UBS’s investment banking chief Carsten Kengeter has blamed the media for providing “ill-informed” coverage of the lender’s losses from its “rogue” trading fiasco.
In a letter sent to employees of the battered division yesterday, he wrote: “Do not be distracted by the often ill-informed media commentary around this event. It will fade quickly as the facts become known.”
He also tried to rally workers in the investment bank, which is already enduring heavy job losses and is likely to see more as a result of the $2.3bn (£1.5bn) losses incurred due to “unauthorised trades”.

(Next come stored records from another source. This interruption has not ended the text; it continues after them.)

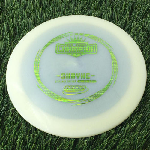 The Champion Shryke is an easy to throw, very long range driver for a wide variety of players. It has a little less turn than a regular Shryke. A mild high speed turn puts the Shryke in glide mode, which along with its high aerodynamic speed, give it incredible distance. The low speed fade is also mild, which makes it easy to keep on the fairway.
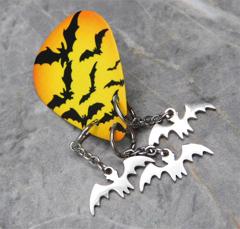 Swarm of Bats Guitar Pick Pin or Tie Tack with Stainless Steel Bat Charm Dangles
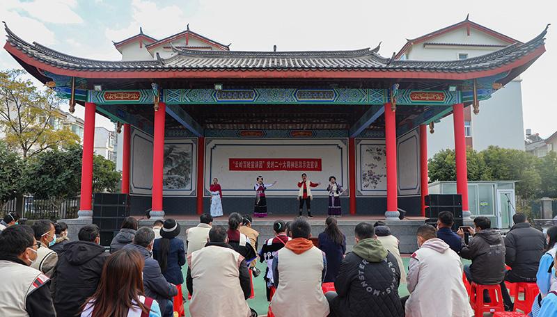 12月14日,云嶺百姓宣講團到云南省麗江市玉龍縣黃山街道開展黨的二十大精神宣講。新華社發(fā)(李佳健 攝)
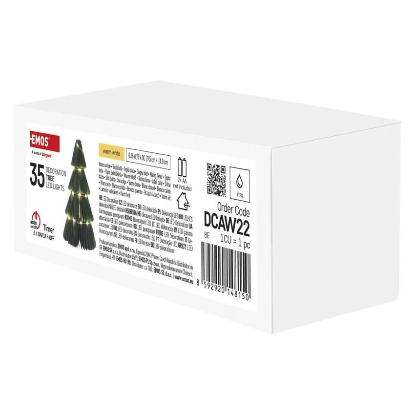 LED dekorace ve tvaru stromku z kvalitního skládaného papíru je určena výhradně pro vnitřní použití. Stromek je osazen 35 LED diodami s barvou světla teplá bílá a je napájen pomocí 2× AA baterií. Díky skládacímu provedení a magnetickému uchycení je instalace rychlá a jednoduchá a při skladování zabírá minimum místa. Integrovaný časovač pracuje v režimu 6 h zapnuto / 18 h vypnuto a zajišťuje automatický provoz bez nutnosti ručního ovládání.
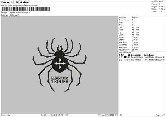 Spider Phantom Troupe Embroidery Design Files - 4 Size's
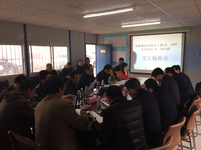 3月10日,在仙桃港碼頭項目現場會議室召開的仙桃港碼頭工程驗收會議上,武漢港務集團總經理助理徐繼傳正式宣布仙桃港碼頭1#、2#件雜貨泊位,1#、2#引橋通過單位工程驗收。仙桃市交通局、海事局、質監站、武港集團,設計院、監理組、港灣檢測,施工方等代表參加了會議。
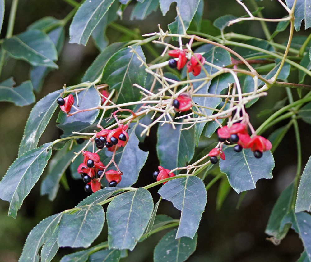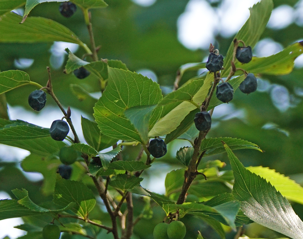 ムクノキの実は黒々、ちょっと皺もよって、甘そうになってきました。

“We must channel the emotion and disappointment felt by everyone across the firm,” Kengeter said, telling his staff that UBS’s “healthy and vibrant investment bank” is crucial for the rest of the lender’s operations.
He also tried to counter suggestions that clients were ready to abandon the bank. “Clients are inundating us with messages of support, and placing new business with us, showing how much they want us to succeed,” he claimed.
And he promised switch action for those in charge of the bank’s failings: “We will deal appropriately with those individuals who were responsible for significant operational and management supervision lapses, and then we must move on.”
However, markets are anticipating a significant scaling back of the investment bank.
Collins Stewart analyst Matthew Czepliewicz said that shrinking the division would be “positive for the share price”, but also warned: “Key questions raised by the trading loss about the integrity of internal over-sight systems remain unanswered.”